By J.A. (Julie) Kazimer
Listen closely, for I am about to tell you a publishing secret no one else wants you to know.
Are you ready?
Here goes.
Not everything a writer writes is good.
Shocking, right? J.K. Rowlings didn’t sit down one day and pound out a thousand pages of Harry Potter the first time her fingers hit the keyboard. Learning craft takes a lifetime. Some writers get lucky and the first manuscript they write is snatched up by an agent and sold to a big house for a huge advance. But they still have to sit back down at the keyboard and write book 2.
Trust me; the second book won’t be nearly as easy to write. Or as pretty.
Manuscripts are a lot like children. Some are born cute, while others have to grow on you.
*No emails, please. Your offspring are just adorable, I swear.
But there is a beauty in the crap writing too. A freedom. Maybe it’s a freedom from inside the box thinking or story ideas. Sometimes it’s freedom from your own voice, a means to explore beyond what you know. Often, for me, my crap words are the same ones that push me for better ones. After all, how many times can my heroine roll her eyes?
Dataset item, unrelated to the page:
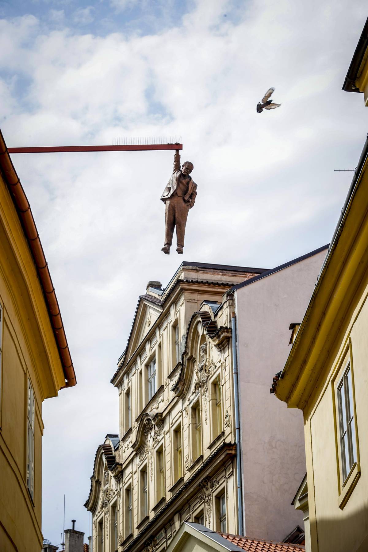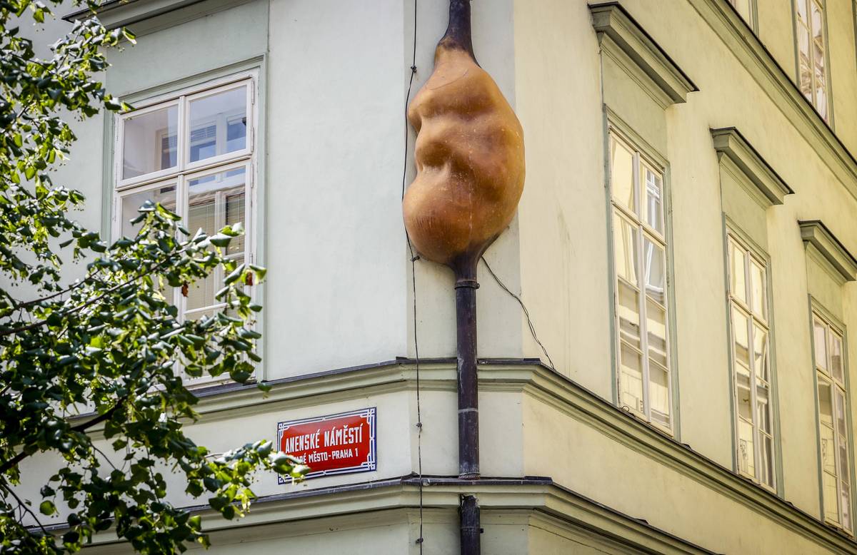 Na snímku VISELEC|1997. Socha z roku 1996 zobrazuje Sigmunda Freuda visícího za jednu ruku s druhou rukou v kapse. Černý se tou dobou zamýšlel nad příchodem nového tisíciletí a nad tím, co se v jeho průběhu stane. Husova ulice, Staré Město

The answer is 27 time, in two chapters.
Had I submitted that bit of crap to my editor, he might’ve suffered from an eye-rolling sprain.
Not pretty, I know.
Now what can you do if you find yourself with an ugly baby?
A few things:
1) Dress it up. Add a new, exciting character with a better story line. Then cut the old characters and story line. Basically, write a new book.
2) Rip it up. Sometimes it’s best to just let a story idea and sometimes a whole manuscript go. Too often we get stuck on a manuscript, on an idea, trying to turn an ugly baby cute when even ten million hours of scalpel-sharp revision wouldn’t make it better.
3) Let it rip. The ugly baby might all be in our heads. This is when honest feedback from a critique group can save your precious baby. But you have to be able to trust what the critiques say. People don’t like to tell you your baby is ugly, so they nod and smile when asked. That won’t be helpful if your baby really is ugly.
4) Embrace it. Show the world your ugly baby, and let the world decide what happens next. This is a mindset I see a lot in indie publishing. Sometimes the world loves an ugly baby, a baby that then turns out to be a swan in diapers.
5) Toss it in a dumpster. Or better yet, that drawer in your desk where all bad manuscripts go to die. Then, in a few years, after 20 more craft classes on revision, 10 on editing, 3 on the hero’s journey, take that baby out and play with it. If it’s still ugly, put it back in the drawer before anyone sees it.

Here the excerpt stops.